The El Paso Inc. this week published a piece titled “What El Paso can learn from Music City” by Secret Wherrett. In it, Wherrett writes that the El Pasoans that attended the Greater El Paso Chamber’s trip to Nashville returned with a clear understanding of what El Paso can learn from Nashville’s economic initiatives. Interspersed between the normal “collaboration” and quality of life buzzwords was the real reason El Paso continues to stagnate in every possible way.
Why El Pasoans still think modeling themselves after other cities is the answer to El Paso’s economic prosperity continues to baffle me. Although it may seem like a simple case of having no creativity in understanding the essence of El Paso the more these trips for soul searching continue the more I believe it has everything to do with the El Paso elite being ashamed of being El Paso. Wherrett quotes El Paso Electric’s Marybeth Stevens as stating, “don’t look at what you want to be, look at what you have”.
It is the message that everyone wants to ignore and bury while focusing on what great things, other cities have. It also shows that many in El Paso believe that to make El Paso prosperous all it takes is to get El Paso to build something new and people will magically gravitate to the city with fistfuls of money. It is the “build it and they will come” mentality that El Paso has been pushing for decades now. This week it is Nashville, last week it was Albuquerque and next week it will be Santa Fe. The politicians always want to be what other cities are and not what El Paso is.
At first, I thought this was just stupidity within the political elite.
Now I am starting to think that it is nothing more than the shame of being El Paso.
Let’s look at what El Paso is.
El Paso is the second-largest metropolitan area on the US-Mexico border. Unlike the Tijuana-San Diego border, El Paso and Cd. Juárez are adjacent to each other making them one continuous metropolis on the US-Mexico border.
The El Paso-Cd. Juárez region has the largest bilingual and binational work force in the Western Hemisphere.
El Paso is the largest port of entry on the US-Mexico border.
Direct foreign investment into Cd. Juárez will be about $750 million this year. Foreign investment in El Paso is practically nonexistent.
Mexico exports about 70% of its products to the United States each year. It is the largest exporter in the world.

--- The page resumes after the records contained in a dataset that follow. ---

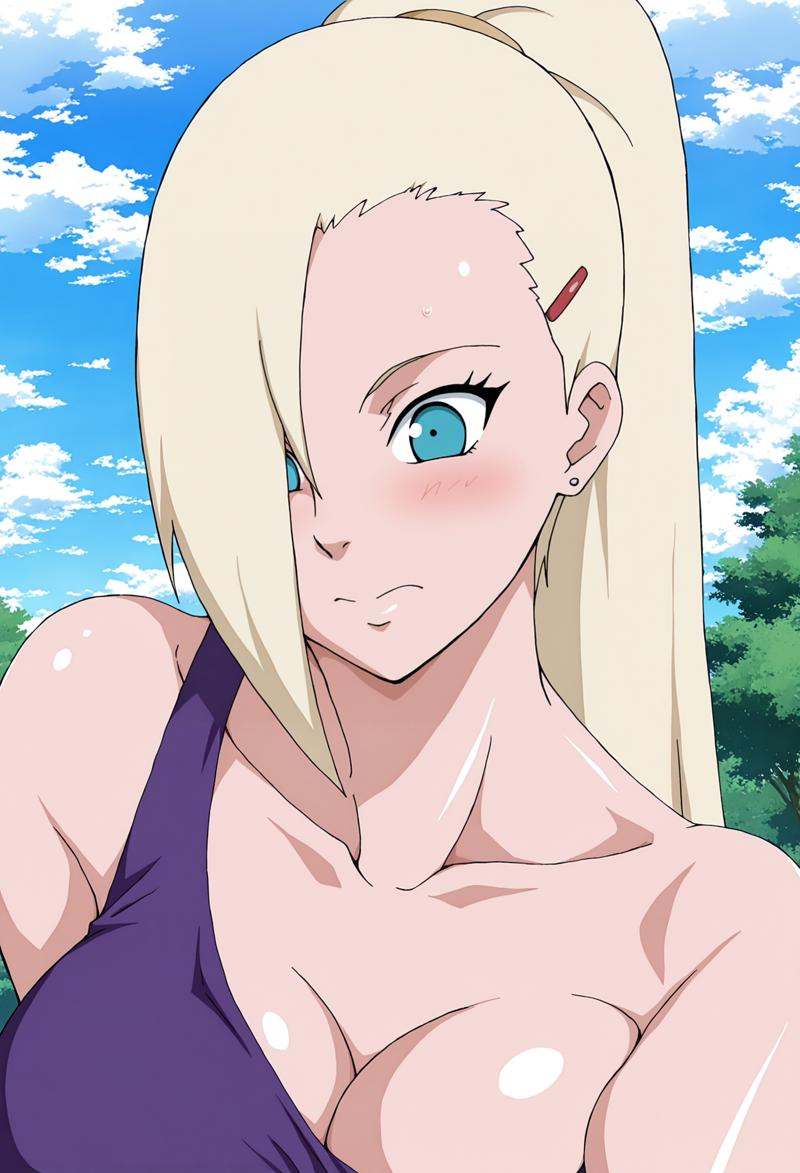 6.山中井野(疾风传):Yamanaka Ino(Shippuuden),1girl,solo,ponytail,long hair,blonde hair,hair over one eye,hair ornament,hairclip,blue eyes,huge breasts/large breasts
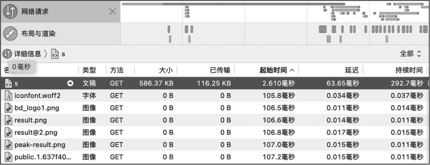 如图2-6所示,通常情况下,结果页需要加载的资源可能有多个,因此浏览内核会依次向服务器提交请求,下载相关资源,并在下载完成后渲染结果页,直到整个页面加载完成。页面加载完成后,用户可通过上下滑动来浏览页面。当用户点击页面中的结果条目时,会加载落地页。
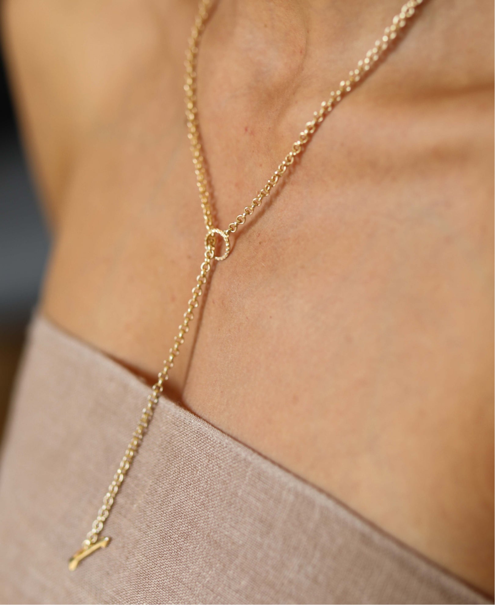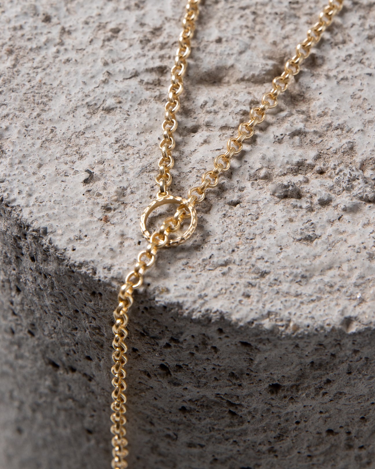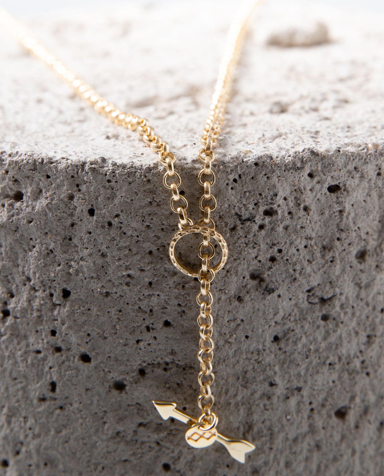 Cadena dorada, con un aro en un extremo y en el otro una flecha. Estos elementos forman a su vez el cierre, que se encuentra en la parte delantera quedando la flecha colgando.

According to the US Embassy, Mexico “exports more to the United States in goods and services in just over a month that it does in one year to the 27 countries of the European Union”.
In 2013, US-Mexico trade produced about $550 billion. About 60% of that trade traversed through the State of Texas. That trade accounted for about 6 million US jobs. In 2013, San Diego handled about $56.5 billion in US-Mexico trade. El Paso handled about the same trade; approximately $60 billion.
Clearly, the economic future of El Paso lies not in emulating the tourism successes of San Antonio, Nashville or Santa Fe but rather in embracing the fact that it could be epicenter of the largest trade market in the world.
The fact is that El Paso can never be a tourist destination no matter how many pretty attractions it builds or how many glossy posters it produces. What El Paso is, and always has been is the economic gateway between Mexico and the US. Unfortunately and to the detriment of El Paso, the El Paso elite and their political cronies will do anything to pretend Cd. Juárez and Mexico have nothing to do with El Paso.
If and until that mindset changes El Paso will continue to be the highest taxed population in the US and remain one of the lowest economically challenged city as well. It could be so much more with a simple change in the mindset of those driving the public policy agenda of the city.